Asked if the first 3 was the catalyst for his performance, Wieskamp said: “It definitely helped me get going. Missing nine 3′s in a game can affect someone’s confidence, but my teammates and coaches did a great job of telling me to continue to shoot.”

Ayala and Wiggins are in the midst of a sophomore slump.

As freshmen last season, Eric Ayala and Aaron Wiggins played major roles in Maryland’s 23-11 record and return to the NCAA tournament after a year’s absence.

Ayala was the biggest revelation, particularly as a 3-point shooter and ball handler to take the pressure off Anthony Cowan Jr. Until a late-season shooting slump, Ayala was the team’s best 3-point shooter. Wiggins, who spent most of the season in a sixth-man role, led the Terps in 3-point shooting.

With their roles reversed, since Ayala is now coming off the bench, both have struggled, particularly on offense. After each shot over 40% on 3-pointers last season, Wiggins is down to 28.7% and Ayala is at 24.7%. They were a combined 0-for-5 against the Hawkeyes from 3-point range, and 0-for-10 overall.

After Wiggins stepped out of bounds on Maryland’s first possession of the game for the first of his three turnovers, Turgeon quickly pulled him from the game. Ayala nearly gave up the ball on his first play, then wound up with four of his team’s 17 turnovers.

Wiggins, who had been averaging a little over 10 points in a little over 30 minutes a game, went scoreless for the first time in his college career in a season-low 17 minutes. Ayala, who is averaging just under 10 points, finished with just two — on a pair of free throws — in 28 minutes.

“Eric’s made a lot of big shots for us. Tonight he didn’t,” Turgeon said. “We have some guys that are really good players that need to act like they’re really good players and play like it. Tonight we didn’t. I’m not going to single one guy out. We didn’t look like us."

Turgeon’s frustration continues to grow.

Early on in his nine-year tenure at Maryland, Turgeon would often call out some of his players after games for their poor effort. While the media enjoyed his honesty, some fans thought he should have taken more of the blame himself.

Turgeon has often done that in recent years, but this team’s lackadaisical approach in several games appears to be eating at him.
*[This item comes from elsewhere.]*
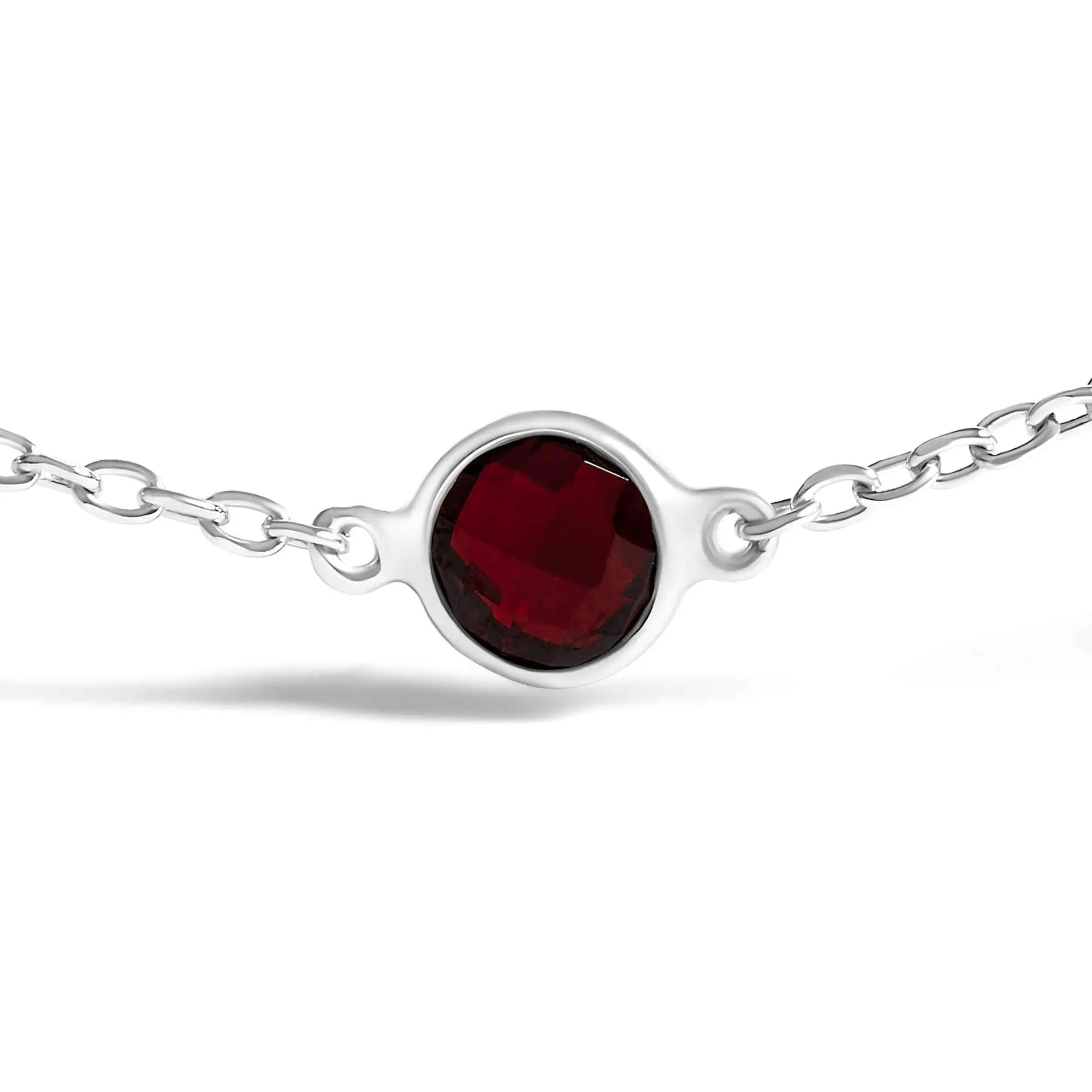 Embrace timeless elegance with this exquisite bolo bracelet, delicately crafted from rhodium-plated .925 sterling silver. Destined to enchant, it features five natural red garnets, each securely bezel-set and sparkling with a sophisticated checkerboard cut, varying from 4x4 mm to 5x5 mm. These gems, untouched by any treatment, catch the light in vibrant plays of deep crimson, embodying passion and allure. The adjustable bolo clasp ensures a perfect fit for wrist sizes between 4 and 10 inches, offering both comfort and style. This piece not only adds a touch of luxury to any outfit but also serves as a talisman of love and vitality, making it an ideal gift or a personal treasure.

Some thought things had changed with the departure of the Mitchell twins following the Seton Hall loss, but the performance against the Hawkeyes was even more pitiful.

“We were bad. We stunk,” Turgeon said. “I’ve been doing this a long time and that ranks up there as one of the worst [games] my teams have ever played. We did good cop-bad cop, we tried everything. We couldn’t get them motivated. We came off two really good wins, we played well. I didn’t see it coming. I didn’t expect this. You have one night a year where you don’t play well, but at least you compete."

Asked what needs to change for the Terps not to repeat this effort going forward, Turgeon said: “I don’t know. If I had an answer, I would have changed it already.”

Turgeon said that he had hint of trouble at practice Thursday, but he seemed to ignore it.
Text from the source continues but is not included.